How does early experience shape ourselves? We have shown such critical period brain development is triggered by specific parvalbumin (PV)-positive GABA cells, then hard-wired by sequential re-configuration of spines and inputs upon pyramidal cell dendrites. At a genomic level, a far more widespread world of non-coding RNA (ncRNA) has been identified than previously anticipated. Accelerated regions of change in ncRNA sequences expressed in strategic cell types appear vital to human brain evolution. By rapidly regulating mRNA translation even distally, ncRNAs may be particularly adapted to respond to constantly changing environments, defining a unique milieu for maintaining the identity of individual neurons. Strikingly, the role of ncRNAs in brain function (and dysfunction) remains virtually unknown. We will explore their contribution to the onset and permanence of critical period brain development. Using replication-defective adenoviral vectors, we will develop ?pulse gene transfer? into specific progenitor cells in a neuronal birthdate-specific manner in mice. By covalently linking magnetic beads, innovative constructs containing specific ncRNA sequences or inducible Crerecombinases will be focused in utero for late over-expression or deletion of endogenous ncRNAs in PV-cells. Virally infected pyramidal cell cohorts will similarly be manipulated postnatally by their canonical inside-out laminar origins. An integrated assessment of electrophysiological, optical imaging, anatomical and behavioral measures of vision, audition and social behaviors will be performed on these various mouse models. We will then test the hypothesis that ncRNAs act as molecular switches to regulate gene networks within neural networks. By coordinating maturation of PV-cells and the propagation of well-orchestrated changes across cortical layers, ncRNA may establish the timecourse of experience-dependent brain plasticity. Behavioral and physiological reactivation in adulthood would elucidate the purpose of critical periods. Importantly, our work will identify novel methods and therapeutic targets for developmental brain disorders, like autism or schizophrenia, which tragically incarcerate the mind.

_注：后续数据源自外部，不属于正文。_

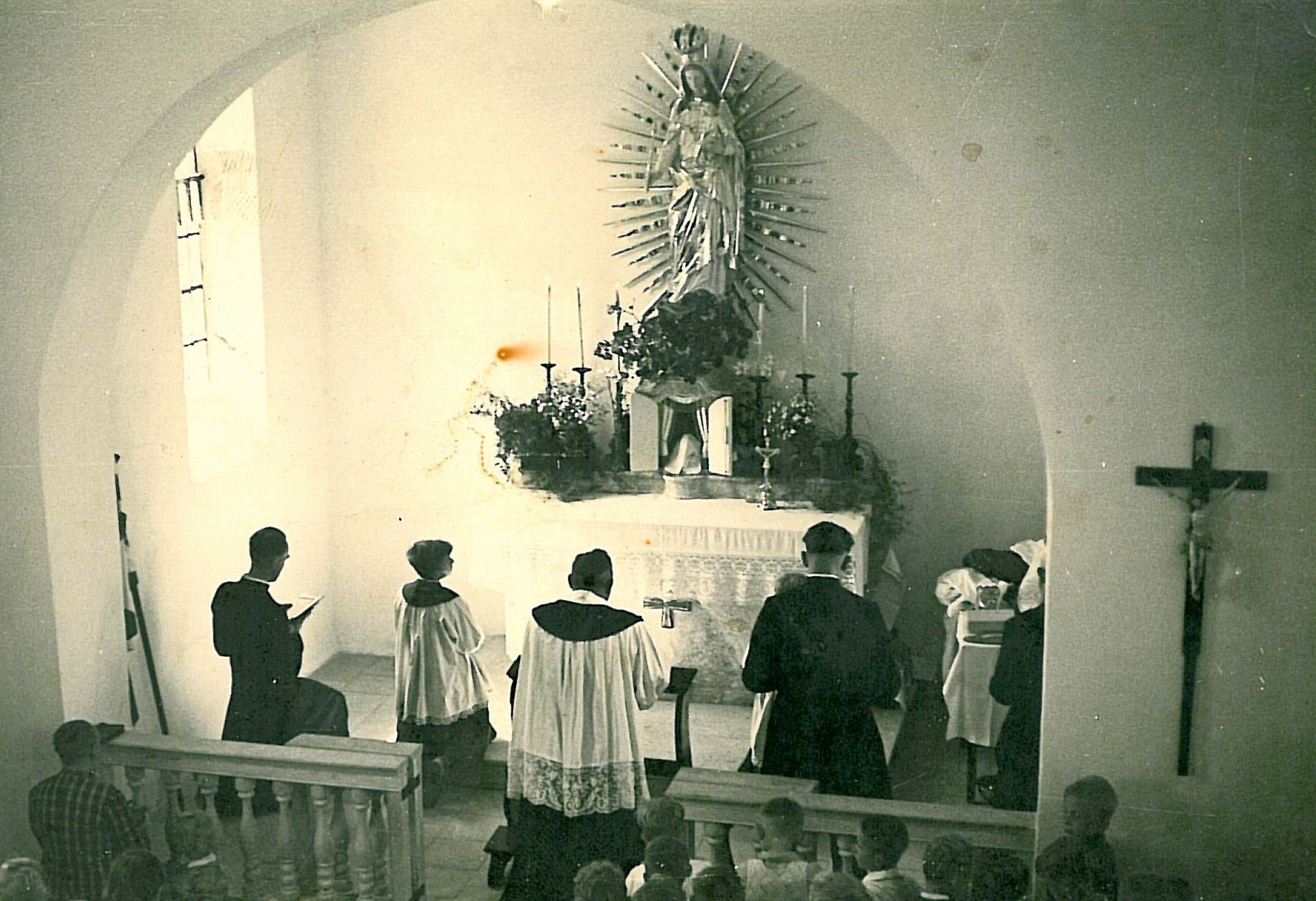 historic view of Laibarös, part of the municipality of Königsfeld

早期体验如何塑造自己？我们已经显示了如此关键的时期大脑 开发是由特定的白细胞蛋白（PV）阳性GABA细胞触发的，然后由 脊柱和输入在锥体细胞树突上的顺序重新配置。在基因组水平上 已经确定了比以前更广泛的非编码RNA（NCRNA）的世界 预期。在战略细胞类型中表达的NCRNA序列变化的加速区域 对于人脑的进化至关重要。通过迅速调节mRNA翻译甚至远端， NCRNA可能特别适应响应不断变化的环境，定义 保持单个神经元身份的独特环境。 令人惊讶的是，NCRNA在脑功能（和功能障碍）中的作用几乎是未知的。我们 将探索他们对关键时期大脑发育的发作和永久性的贡献。 使用复制缺陷的腺病毒载体，我们会发展脉冲基因转移？具体 祖细胞在小鼠中以神经元出生的特异性方式。通过共价连接磁性 珠子，含有特定NCRNA序列或诱导型凝集酶的创新构建体 将集中在子宫内，以进行过度表达或内源性缺失 PV细胞中的NCRNA。病毒感染的锥体细胞组将类似地被操纵 在产后通过其规范的内而外的层流起源。对 电生理，光学成像，视觉，试听和行为的衡量标准 社交行为将在这些各种鼠标模型上执行。 然后，我们将测试NCRNA充当分子开关以调节基因的假设 神经网络中的网络。通过协调PV细胞的成熟和传播 在皮层层之间进行了精心修整的变化，NCRNA可以建立 依赖经验的大脑可塑性。成年后的行为和生理重新激活 将阐明关键时期的目的。重要的是，我们的工作将确定新方法 以及用于发育性脑部疾病的治疗靶点，例如自闭症或精神分裂症， 悲惨地监禁思想。